FEYZİOĞLU'NUN AK PARTİ VE ERDOĞAN
NEFRETİ
Devlet açıkça kendi güvenliğini tehdit eden bu operasyona karşı
bütün olmuşken Feyzioğlu, Ak Parti ve Başbakan nefretiyle herhalde
devlete meydan okuduğunu fark etmemiş olacak...
Aynı zamanda bu duygu durumu devlet adabına uygun davranmayı da
unutturmuş görünüyor. Zira ev sahibinin yarım saatle sınırlı bir
konuşma yaptığın salonda siyasi mesajlarının yarattığı heyecanla
bir saate yakın konuşmasını nasıl açıklayabiliriz?
Nihayetinde Türkiye bu ve benzeri konuşmaların rahatlıkla
yapılabildiği bir ülke.

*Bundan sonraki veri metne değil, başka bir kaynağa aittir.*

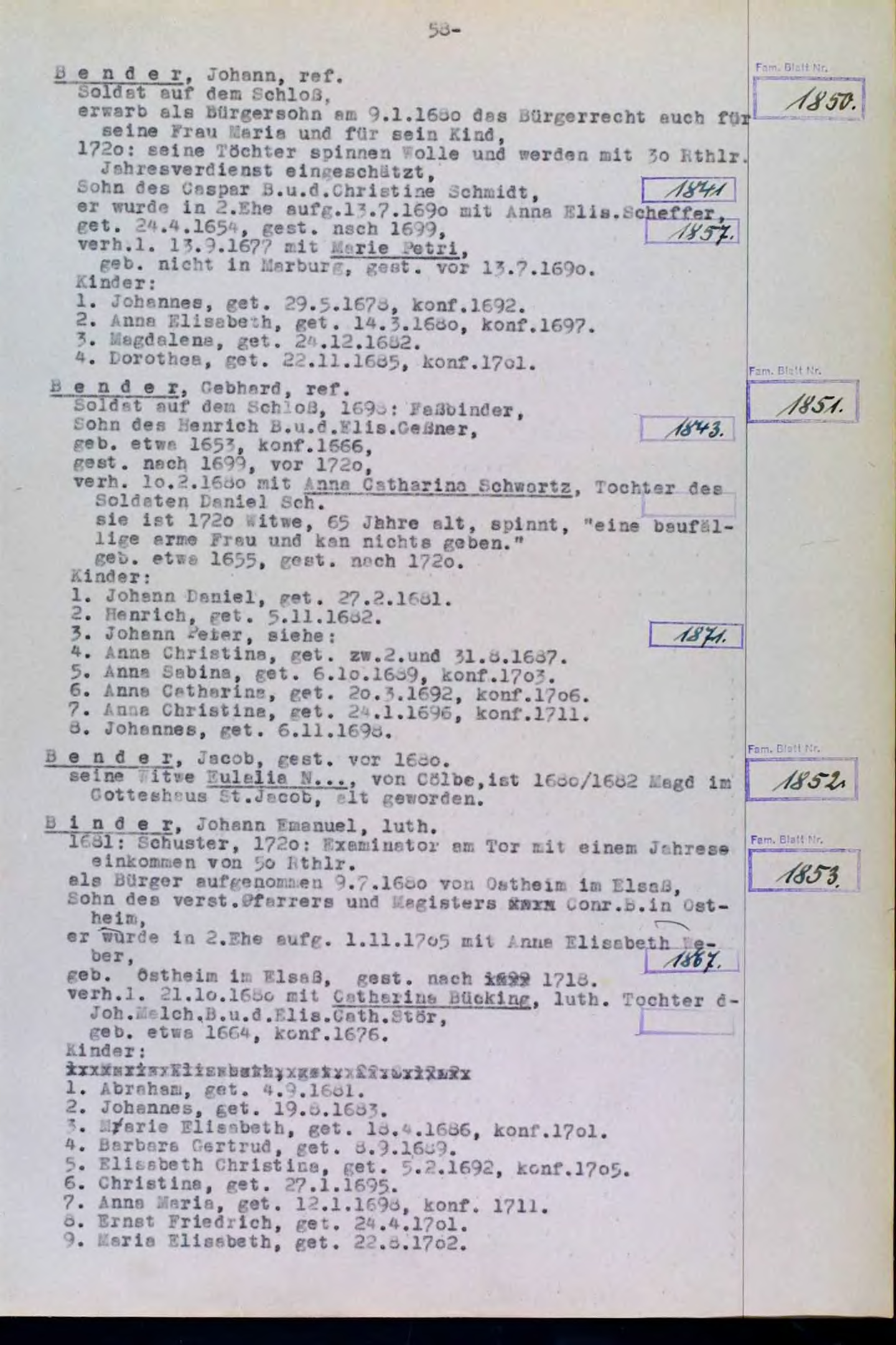 | Seit Fertigstellung des Marburger Sippenbuches 1950-1966 sind zahlreiche Ergänzungen und auch notwendige Korrekturen bekannt geworden. Zur aktuellen Seite existiert noch keine Ergänzunges- und Korrekturseite. Wenn Sie selbst Ergänzungen vornehmen möchten, wenden Sie sich bitte an Benutzer:Ernestus. |

Bırakırsınız hukuk adamlığını, sıvarsınız
kolları, girersiniz siyasete... Ama öyle cüppeyle meydan okuma
zamanları geçti artık...
FEYZİOĞLU CHP LİDERLİĞİ İÇİN NABIZ YOKLADI
Feyzioğlu’nun böyle bir konuşmaya cesaret etmesinin altındaki sebeplerden biri de muhalefet koltuğunun hakkıyla doldurulmaması. Bu ülkede iktidara rakip olabilecek bir muhalefete ihtiyaç var. O boşluk orada durdukça eski reflekslerin depreşmesi kolaylaşıyor. Feyzioğlu’nun ismi bir ara CHP Genel Başkanlığı için kulislerde geçiyordu. Anlaşılan kürsüden bunun için nabız yoklaması yapıyor.